DATA EXCERPT

════

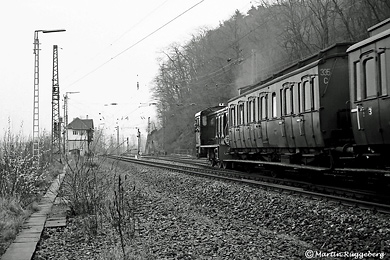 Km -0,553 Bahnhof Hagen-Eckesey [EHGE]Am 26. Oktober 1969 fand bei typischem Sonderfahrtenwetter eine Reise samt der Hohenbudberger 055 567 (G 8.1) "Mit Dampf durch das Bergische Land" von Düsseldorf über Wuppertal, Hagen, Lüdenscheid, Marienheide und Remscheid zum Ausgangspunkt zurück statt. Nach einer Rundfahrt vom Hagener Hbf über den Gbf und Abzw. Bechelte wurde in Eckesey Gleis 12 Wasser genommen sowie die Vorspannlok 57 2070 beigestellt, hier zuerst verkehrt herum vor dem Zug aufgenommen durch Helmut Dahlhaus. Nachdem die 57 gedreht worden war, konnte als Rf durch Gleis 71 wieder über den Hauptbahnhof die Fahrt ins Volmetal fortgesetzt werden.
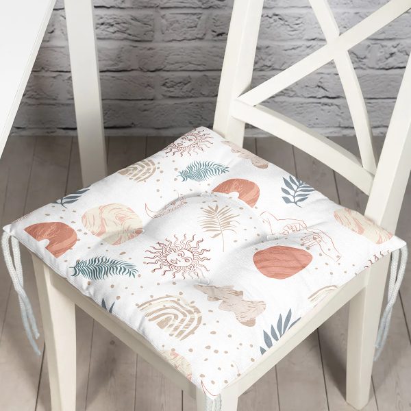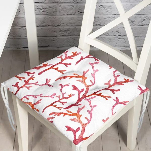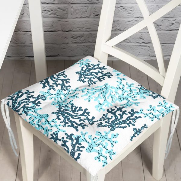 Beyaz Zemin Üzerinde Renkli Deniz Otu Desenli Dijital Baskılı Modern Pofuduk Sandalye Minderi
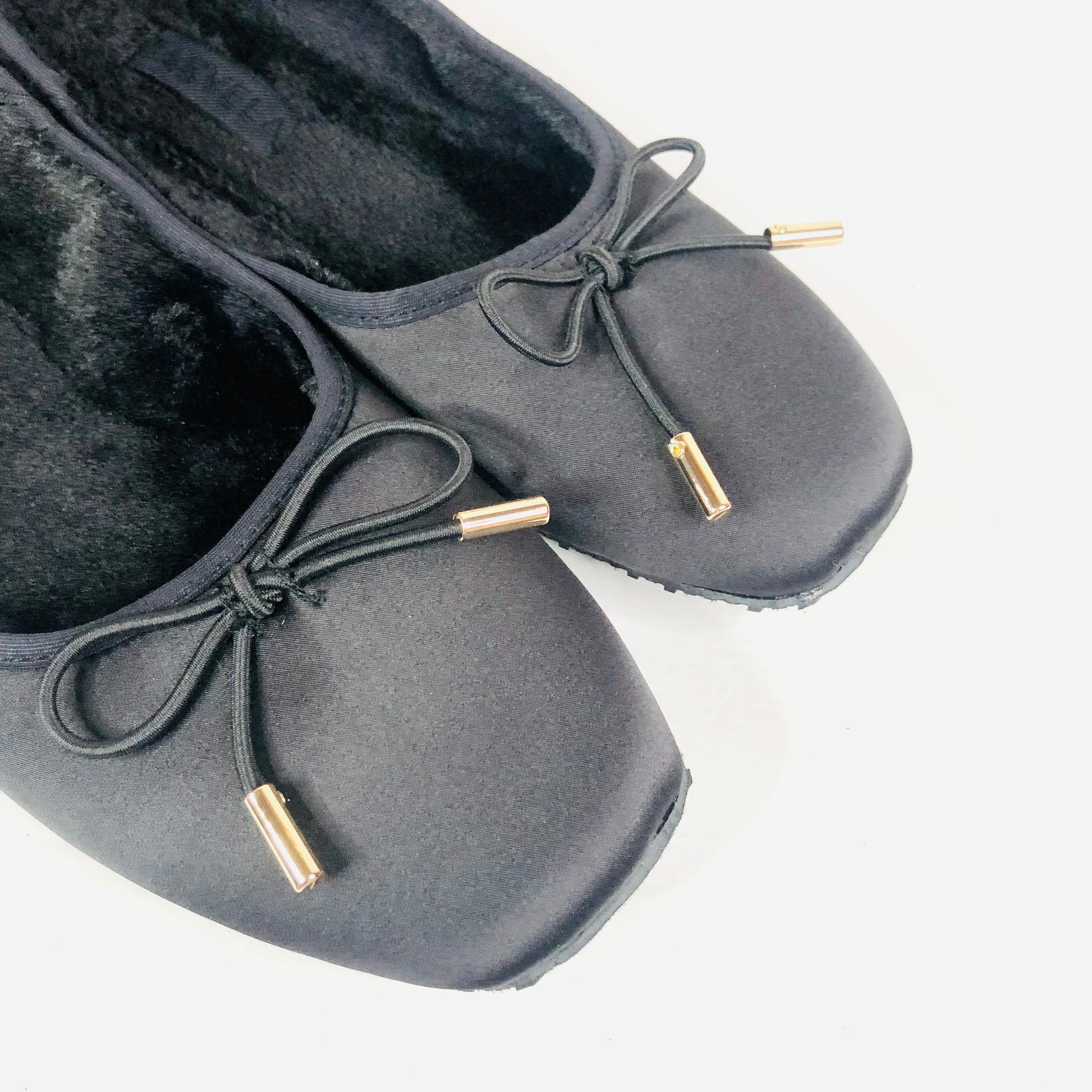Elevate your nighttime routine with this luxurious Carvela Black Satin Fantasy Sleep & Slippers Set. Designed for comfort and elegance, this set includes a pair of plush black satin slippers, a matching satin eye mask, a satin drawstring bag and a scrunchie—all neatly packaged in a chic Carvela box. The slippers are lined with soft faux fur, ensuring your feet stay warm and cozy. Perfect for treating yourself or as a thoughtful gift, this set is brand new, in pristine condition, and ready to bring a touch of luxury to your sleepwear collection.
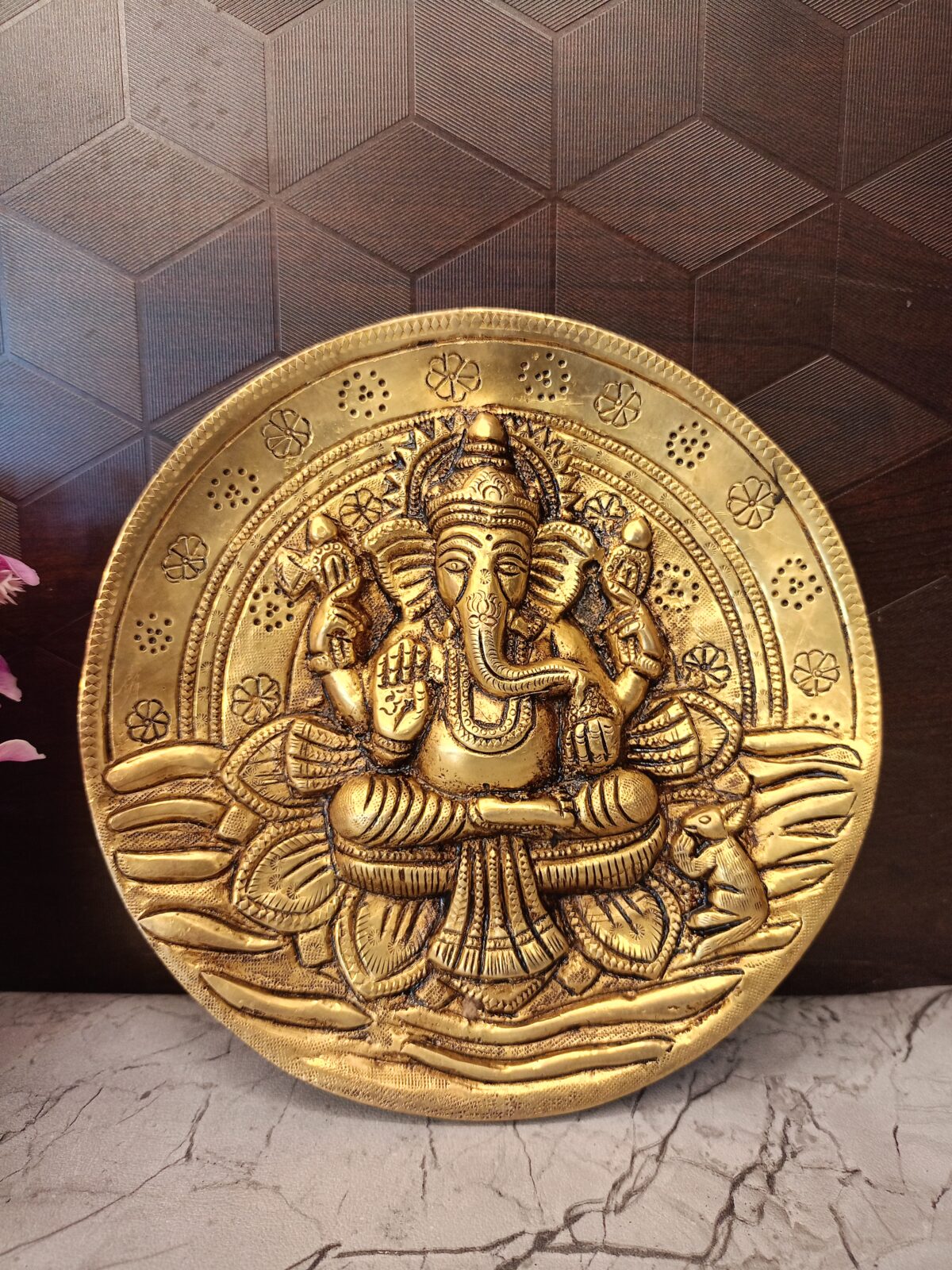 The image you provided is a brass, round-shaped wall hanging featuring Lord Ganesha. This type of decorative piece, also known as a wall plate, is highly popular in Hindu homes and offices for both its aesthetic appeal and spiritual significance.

════

WHAT THE TASK REQUIRES
Word for word, restate the lines from the line containing "Elevate your nighttime" through the end of the data, including the first and last of them. Pictures stay out.

EXERCISE RESULT
Elevate your nighttime routine with this luxurious Carvela Black Satin Fantasy Sleep & Slippers Set. Designed for comfort and elegance, this set includes a pair of plush black satin slippers, a matching satin eye mask, a satin drawstring bag and a scrunchie—all neatly packaged in a chic Carvela box. The slippers are lined with soft faux fur, ensuring your feet stay warm and cozy. Perfect for treating yourself or as a thoughtful gift, this set is brand new, in pristine condition, and ready to bring a touch of luxury to your sleepwear collection.
 The image you provided is a brass, round-shaped wall hanging featuring Lord Ganesha. This type of decorative piece, also known as a wall plate, is highly popular in Hindu homes and offices for both its aesthetic appeal and spiritual significance.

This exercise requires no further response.